Apartheid is a crime against humanity which involves inhuman acts committed in the context of an institutionalized regime of systematic oppression and domination by one racial group over any other racial group or groups and committed with the intention of maintaining that regime.
Policies and practices which uphold apartheid in Israel have been examined by many legitimate international entities such as the United Nations Security Council and General Assembly, the International Court of Justice, and the Russell Tribunal on Palestine, to name a few.
Apartheid operates differently in the Occupied Palestinian Territories than it does in Israel. Arab Israelis (20 percent of the Israeli population) are forced to live in separate communities, attend separate schools, and shop at separate stores as per Israeli policies and regulations.
Similar to the South African Prohibition of Mixed Marriages Act, Palestinians who marry Israelis are denied citizenship or even the right to live with their family in Israel. Despite this, the Jewish Law of Return grants immigrant and residency rights to anyone who claims Jewish ancestry.
When the state of Israel was established in 1948, 700,000 Arabs were displaced and their villages destroyed – 80 percent of the total population was forced to leave their territory.
As of today there are 140,000 Palestinian Arabs living in “unrecognized villages” which are denied running water, electricity, connection to sewer systems, and public support for schools or health care.
Additionally, Arab Israelis face widely documented racial profiling and “administrative detentions” – a state of exception under which Israel has detained thousands of Palestinians without charge, trial, or other legal rights. Many South Africans have indicated fundamental similarities between the apartheid regime established there.
In the Occupied Palestinian Territories (OPT), the Palestinian people face a far more intensified regime of apartheid. Israel has been building settlements in the West Bank since 1967, which have been deemed illegal by international law, as they violate many different human rights and wartime conventions.
Whereas Israelis living in settlements in the West Bank have all the privileges of Civil Law, Palestinians living in the OPT are under Military Law and thus face the constant threat of arrest and detention without charge and can be held indefinitely; Israel’s abuse of this has resulted in tens of thousands of political prisoners without legal rights.
In order to build these settlements and associated infrastructure, Israel has demolished 25,000 Palestinian homes, resulting in 160,000 internally displaced Palestinians.
Furthermore, Palestinians live in ghettoized, isolated cantons where all resources are controlled by Israeli Defence Forces and there is no physical movement without Israeli permission.
As these illegal settlements are disparately spread all across the West Bank, they are connected by Jewish-only super highways, which Palestinians are banned from traveling on.
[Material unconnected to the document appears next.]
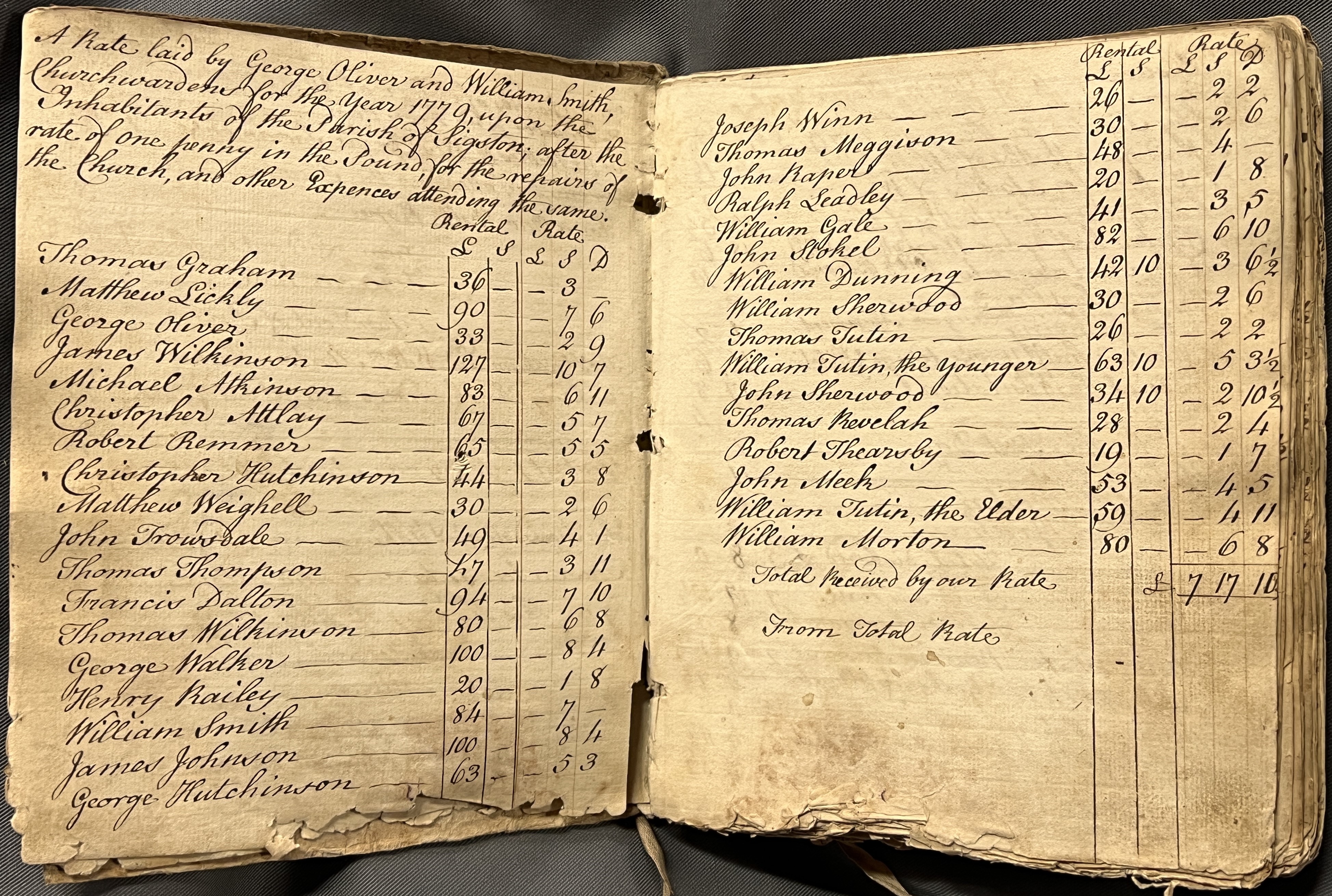 Kirby Sigston, St Lawrence: churchwardens’ account book, 1777-1847 showing pages recording rates levied by the churchwardens on inhabitants ‘for the repairs of the church and other expenses attending to the same’, for 1779 and the year ending 27 May 1828 [PR/KRS 4/1]

Palestinians are forced to travel by roads that are systematically patrolled by 500 military check-points which require Palestinians to carry special ID cards. South Africans were also patrolled in this way.
Under this system, traveling from downtown Peterborough to Trent University would take approximately 4 hours, and many travelers would randomly be denied passage for arbitrary reasons.
According to comments made recently by Noam Chomsky, the Gaza Strip is the “the world’s largest open air prison – where 1.5 million Palestinians live on 140-square-mile strip of land where they are subject to random terror and arbitrary punishment, with no purpose other than to humiliate and degrade.”
Borders are militarily controlled, whereby food, water, and other resource aid are only permitted entry based on reduced daily caloric estimates for the population. The siege on Gaza culminated in 2008-09, when Israel launched Operation Cast Lead where an estimated 1,400 Gazans were killed, many of whom were women and children; 13 Israelis were killed.
It can easily be seen that the way to ensure the security of the people of Israel is not to treat Arab-Israelis and Palestinians in the Occupied Territories as people who can be denied their rights, even senselessly murder en masse.
Many Israeli and Jewish groups are working actively to end Israeli Apartheid such as B’Tselem, Jewish Voice for Peace, Rabbis for Palestine, and the Israeli Committee against House Demolitions.
In order to take a stand against Israeli Apartheid, the Trent Central Student Association adopted a policy of Boycott, Divestment, and Sanction against Israel at their Annual General Meeting which will remain in place until the Apartheid regime is dismantled and peaceful resolution reached.